What this task involves: Your answer must match the data word for word.
(Source material)
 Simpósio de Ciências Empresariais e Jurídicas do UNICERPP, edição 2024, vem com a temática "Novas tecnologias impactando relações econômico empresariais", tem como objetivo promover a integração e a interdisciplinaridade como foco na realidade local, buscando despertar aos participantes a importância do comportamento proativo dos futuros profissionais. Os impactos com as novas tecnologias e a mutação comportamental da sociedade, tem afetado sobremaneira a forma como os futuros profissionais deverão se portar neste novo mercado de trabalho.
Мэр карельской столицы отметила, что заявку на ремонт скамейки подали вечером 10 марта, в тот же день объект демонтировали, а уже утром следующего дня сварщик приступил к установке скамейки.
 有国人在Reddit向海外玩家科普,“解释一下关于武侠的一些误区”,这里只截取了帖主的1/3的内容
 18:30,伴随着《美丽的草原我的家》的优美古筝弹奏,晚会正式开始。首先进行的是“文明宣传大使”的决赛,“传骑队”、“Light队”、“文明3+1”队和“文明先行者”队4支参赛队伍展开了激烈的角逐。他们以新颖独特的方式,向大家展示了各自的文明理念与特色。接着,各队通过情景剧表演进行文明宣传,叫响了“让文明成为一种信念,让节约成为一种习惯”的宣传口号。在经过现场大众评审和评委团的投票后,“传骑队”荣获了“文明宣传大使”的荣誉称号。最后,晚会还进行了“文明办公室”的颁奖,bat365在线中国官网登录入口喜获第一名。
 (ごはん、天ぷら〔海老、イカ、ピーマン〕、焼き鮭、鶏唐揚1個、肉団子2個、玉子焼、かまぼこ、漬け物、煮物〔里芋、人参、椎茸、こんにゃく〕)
(End Source material)
Result of this exercise:
 Simpósio de Ciências Empresariais e Jurídicas do UNICERPP, edição 2024, vem com a temática "Novas tecnologias impactando relações econômico empresariais", tem como objetivo promover a integração e a interdisciplinaridade como foco na realidade local, buscando despertar aos participantes a importância do comportamento proativo dos futuros profissionais. Os impactos com as novas tecnologias e a mutação comportamental da sociedade, tem afetado sobremaneira a forma como os futuros profissionais deverão se portar neste novo mercado de trabalho.
Мэр карельской столицы отметила, что заявку на ремонт скамейки подали вечером 10 марта, в тот же день объект демонтировали, а уже утром следующего дня сварщик приступил к установке скамейки.
 有国人在Reddit向海外玩家科普,“解释一下关于武侠的一些误区”,这里只截取了帖主的1/3的内容
 18:30,伴随着《美丽的草原我的家》的优美古筝弹奏,晚会正式开始。首先进行的是“文明宣传大使”的决赛,“传骑队”、“Light队”、“文明3+1”队和“文明先行者”队4支参赛队伍展开了激烈的角逐。他们以新颖独特的方式,向大家展示了各自的文明理念与特色。接着,各队通过情景剧表演进行文明宣传,叫响了“让文明成为一种信念,让节约成为一种习惯”的宣传口号。在经过现场大众评审和评委团的投票后,“传骑队”荣获了“文明宣传大使”的荣誉称号。最后,晚会还进行了“文明办公室”的颁奖,bat365在线中国官网登录入口喜获第一名。
 (ごはん、天ぷら〔海老、イカ、ピーマン〕、焼き鮭、鶏唐揚1個、肉団子2個、玉子焼、かまぼこ、漬け物、煮物〔里芋、人参、椎茸、こんにゃく〕)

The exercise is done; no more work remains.